Data Locality in Hadoop refers to the “proximity” of the data with respect to the Mapper tasks working on the data.
When a dataset is stored in HDFS, it is divided in to blocks and stored across the DataNodes in the Hadoop cluster. When a MapReduce job is executed against the dataset the individual Mappers will process the blocks (Input Splits). When the data is not available for the Mapper in the same node where it is being executed, the data needs to be copied over the network from the DataNode which has the data to the DataNode which is executing the Mapper task.
Imagine a MapReduce job with over 100 Mappers and each Mapper is trying to copy the data from another DataNode in the cluster at the same time, this would result in serious network congestion as all the Mappers would try to copy the data at the same time and it is not ideal.
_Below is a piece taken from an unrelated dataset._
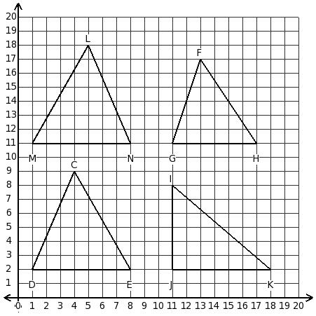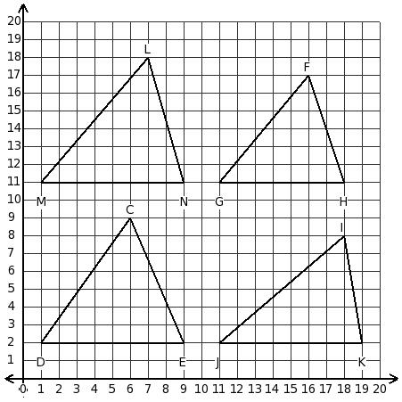 Consider the following triangles. Which two triangles have the same area?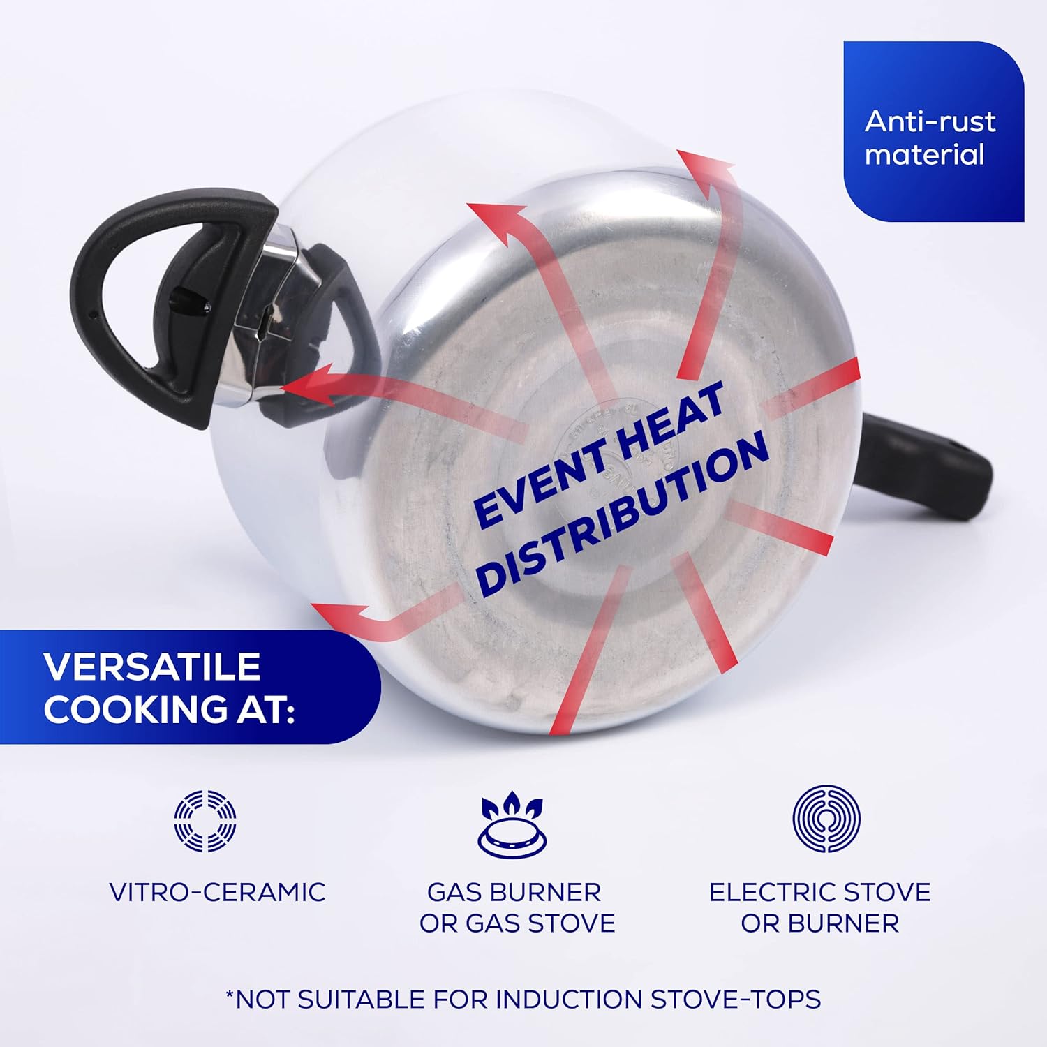 - Durable 4.2 Qt Aluminum Pressure Cooker – Inner Lid System for Secure Sealing: This high-quality 4.2 Qt (4L) aluminum pressure cooker features a traditional inner lid closure system for safe and efficient cooking. Its heavyweight build ensures stability at 11.60 PSI (80 kPa) with extra safety mechanisms. IMPORTANT: To insert the lid, align the lid arrow with the body handle, tilt and slide it in, turn the handle, place it on the pivot, squeeze both handles together, and adjust for a perfect seal.

So it is always effective and cheap to move the computation closer to the data than to move the data closer to the computation.
When a JobTracker (MRv1) or ApplicationMaster (MRv2) receive a request to run a job, it looks at which nodes in the cluster has sufficient resources to execute the Mappers and Reducers for the job. At this point serious consideration is made to decide on which nodes the individual Mappers will be executed based on where the data for the Mapper is located.
When the data is located on the same node as the Mapper working on the data, it is referred to as Data Local. In this case the proximity of the data is closer to the computation. The JobTracker (MRv1) or ApplicationMaster (MRv2) prefers the node which has the data that is needed by the Mapper to execute the Mapper.
Although Data Local is the ideal choice, it is not always possible to execute the Mapper on the same node as the data due to resource constraints on a busy cluster. In such instances it is preferred to run the Mapper on a different node but on the same rack as the node which has the data. In this case, the data will be moved between nodes from the node with the data to the node executing the Mapper with in the same rack.
In a busy cluster sometimes Rack Local is also not possible. In that case, a node on a different rack is chosen to execute the Mapper and the data will be copied from the node which has the data to the node executing the Mapper between racks. This is the least preferred scenario.